* **WORK INSTRUCTIONS**
One range is to be output from the listing below, exactly as written: the line with "セット内容 .❁.:* ワンピース/エプロン/ヘアバンド/襟/ソックス「記載のないアクセサリー、小物等は付属しません」" to the line with "NERJA – De serie", both kept.
[[ DATA RECORDS open ]]
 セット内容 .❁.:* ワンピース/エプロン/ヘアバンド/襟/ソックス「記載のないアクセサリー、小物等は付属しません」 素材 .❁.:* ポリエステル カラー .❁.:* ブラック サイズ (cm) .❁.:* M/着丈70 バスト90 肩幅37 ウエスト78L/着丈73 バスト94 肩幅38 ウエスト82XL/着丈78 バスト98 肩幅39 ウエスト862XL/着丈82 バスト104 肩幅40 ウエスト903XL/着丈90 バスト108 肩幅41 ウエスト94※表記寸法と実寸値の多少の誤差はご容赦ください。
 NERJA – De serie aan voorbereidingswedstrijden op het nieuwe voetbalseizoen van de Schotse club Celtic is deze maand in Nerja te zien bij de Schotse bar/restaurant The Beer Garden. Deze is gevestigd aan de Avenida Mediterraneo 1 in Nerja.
[[ DATA RECORDS closed ]]
[[ DATA RECORDS open ]]
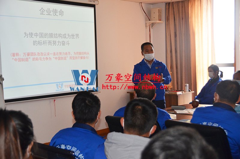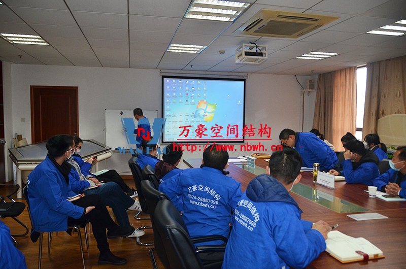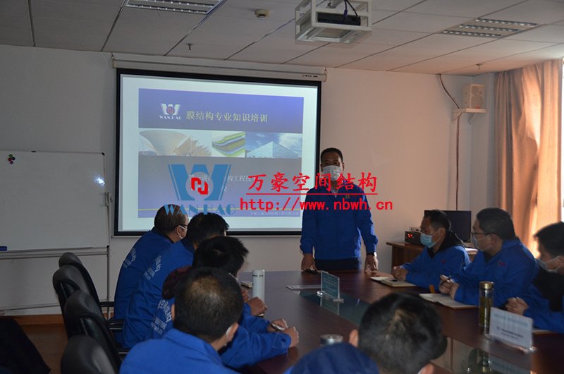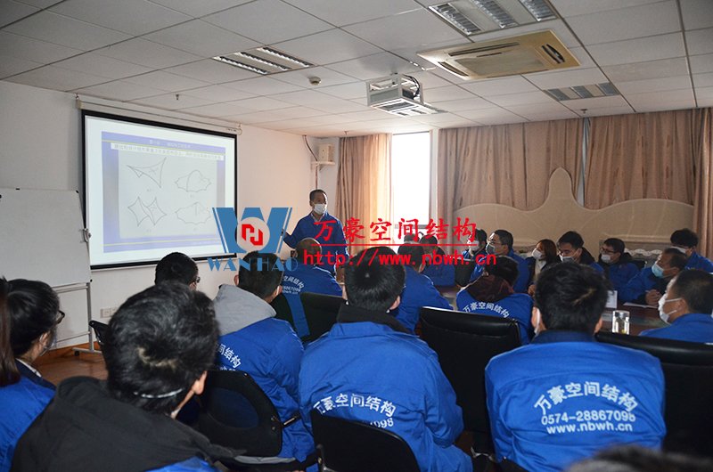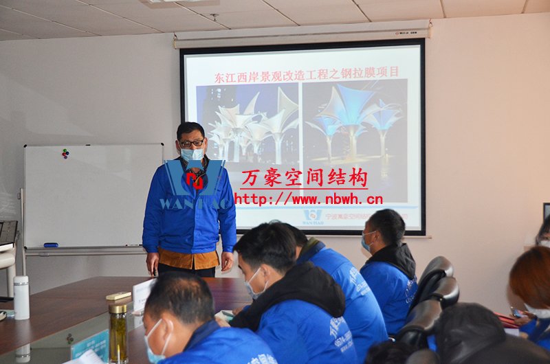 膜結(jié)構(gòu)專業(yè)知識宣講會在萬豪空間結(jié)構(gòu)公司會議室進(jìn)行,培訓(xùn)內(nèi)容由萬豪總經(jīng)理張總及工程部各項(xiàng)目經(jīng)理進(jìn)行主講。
[[ DATA RECORDS closed ]]
* **TASK ANSWER**
 セット内容 .❁.:* ワンピース/エプロン/ヘアバンド/襟/ソックス「記載のないアクセサリー、小物等は付属しません」 素材 .❁.:* ポリエステル カラー .❁.:* ブラック サイズ (cm) .❁.:* M/着丈70 バスト90 肩幅37 ウエスト78L/着丈73 バスト94 肩幅38 ウエスト82XL/着丈78 バスト98 肩幅39 ウエスト862XL/着丈82 バスト104 肩幅40 ウエスト903XL/着丈90 バスト108 肩幅41 ウエスト94※表記寸法と実寸値の多少の誤差はご容赦ください。
 NERJA – De serie aan voorbereidingswedstrijden op het nieuwe voetbalseizoen van de Schotse club Celtic is deze maand in Nerja te zien bij de Schotse bar/restaurant The Beer Garden. Deze is gevestigd aan de Avenida Mediterraneo 1 in Nerja.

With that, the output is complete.